These are all similar questions, so as not to clutter up the forum, they're all in one post. Q15 is the important one (Q14 and 16 I'm pretty confident about, but would like to confirm).

Q15: This graph (without the axis numbers, though) is given in the y x f(y) plane. Question: Suppose we know that the graph is the rhs, f(y), of the diffeq dy/dt=f(y). Give a rough sketch of the slope field.

I'm confused by the axis choices (y is horz axis, f(y) is vert axis). In all prev. questions, the horz axis was t. Since the rhs has no t terms, the slope depends solely on y. I was tempted to make all the vertically aligned slope marks parallel, but the book's answer is given in the ty-pane, and looks like this. I am as confused as can be on this one. Any clues at all?

Q18: This is a trick question or am I so smart that it seems simple (actually, I know the second part of that statement is false ):
y(t)=2 for all t is the solution to dy/dt=f(t,y). (a) What does that tell you about the slope field (how much of it can you sketch)? (b) What about the solutions?

Can sketch all of it. The slope of y(t)=2 is zero for all t. The whole slope field is horz lines. There is only one solution, a flat line at level y(t)=the initial value.

Q14: This graph (without the numbers on the axis) is given on the t x f(t)-plane (horz axis is t, vert axis f(t)). The question: Suppose we know that this is the graph of the right hand side of f(t) of the diff eq dy/dt=f(t). Give a rough sketch of the corresponding slope field.
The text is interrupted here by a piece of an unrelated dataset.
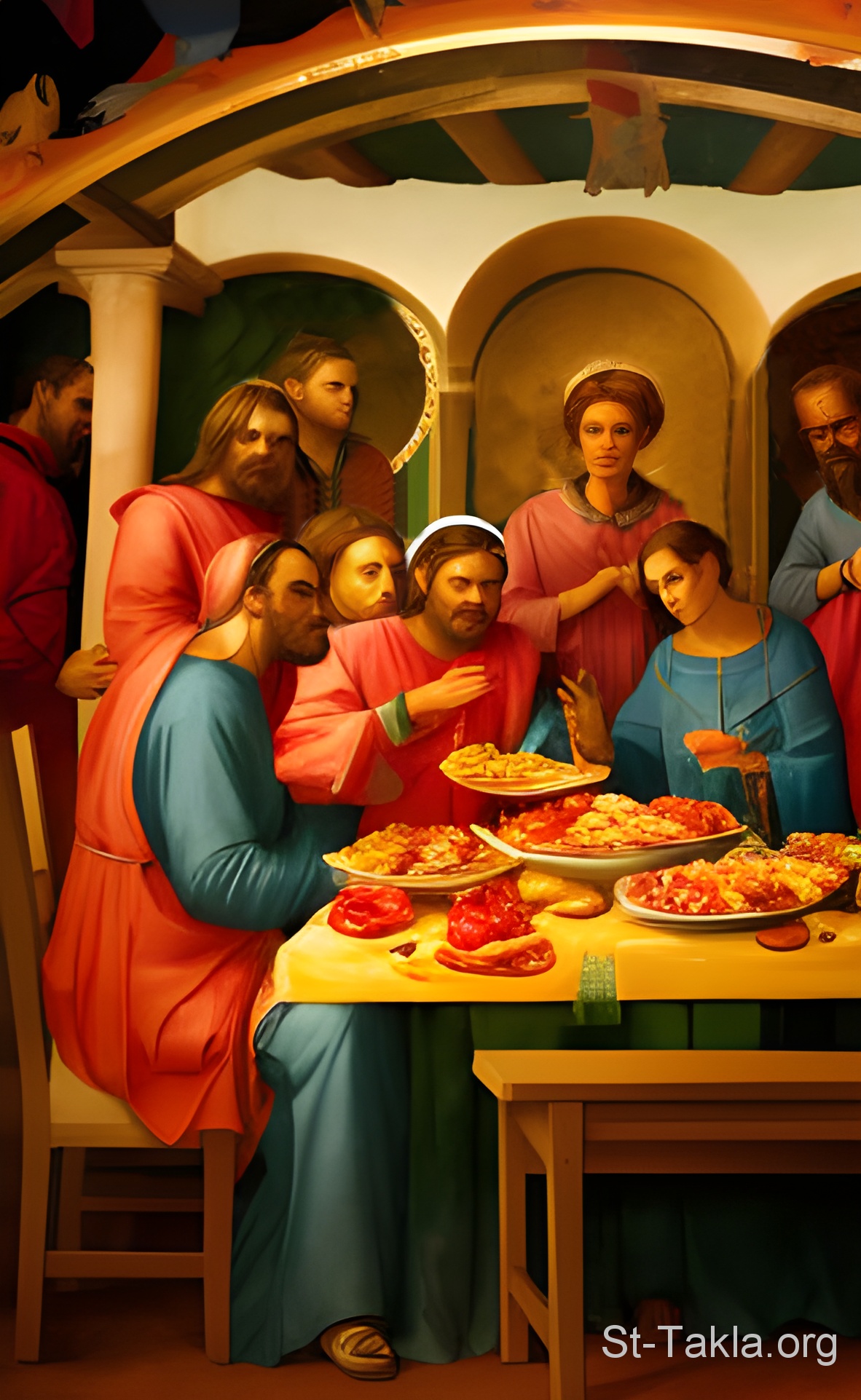 وليمة الأغابي (تناول غذاء المحبة، الأكل، الطعام) في الكنيسة الأولى - فن بالذكاء الاصطناعي، فكرة مايكل غالي لموقع الأنبا تكلاهيمانوت، 27 أبريل 2023 م.

Since the graph corresponds to f(t), which is the rhs of dy/dt, and the rhs does not contain any y terms, I think the slope marks at a given t are all the same slope. IOW, all vertically aligned slope marks are parallel. So if the peak of the graph is at t_1<0, then all slope marks at t_1 are parallel and have slope=0 (all the way up and down). All slope marks at 0<t_2=the valley are also slope=0. For all values of t, the slope marks will be parallel to the graph shown.
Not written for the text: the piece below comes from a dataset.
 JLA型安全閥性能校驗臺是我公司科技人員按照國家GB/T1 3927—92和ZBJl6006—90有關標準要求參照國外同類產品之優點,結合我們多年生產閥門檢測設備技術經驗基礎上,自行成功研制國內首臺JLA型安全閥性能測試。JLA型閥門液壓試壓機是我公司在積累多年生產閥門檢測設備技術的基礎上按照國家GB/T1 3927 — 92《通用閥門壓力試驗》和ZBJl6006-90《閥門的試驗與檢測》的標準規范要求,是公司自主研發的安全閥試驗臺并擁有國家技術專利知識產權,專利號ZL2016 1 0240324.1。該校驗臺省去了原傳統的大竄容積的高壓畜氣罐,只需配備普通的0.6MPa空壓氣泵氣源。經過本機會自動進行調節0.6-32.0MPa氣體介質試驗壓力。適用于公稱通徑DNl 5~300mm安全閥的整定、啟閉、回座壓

Q16: A graph in the ty-plane with the shape of a cosine function is given. Point y(0)=1 is marked; it is the peak of one of the cycles. Suppose we know the graph is of a solution to dy/dt=f(t): (a) How much of the slope field can you sketch (hint: the diffeq only depends on t); (b) What can you say about the solution with y(0)=2?

(a) This slope field is dependent only on t, so all vertically aligned slope marks are parallel and they should be parallel to the shown graph at the same value of t.
(b) y(0)=2 probably has the identical solution, but with double the amplitude. The slope marks will mostly be steeper, except near the peaks/valleys.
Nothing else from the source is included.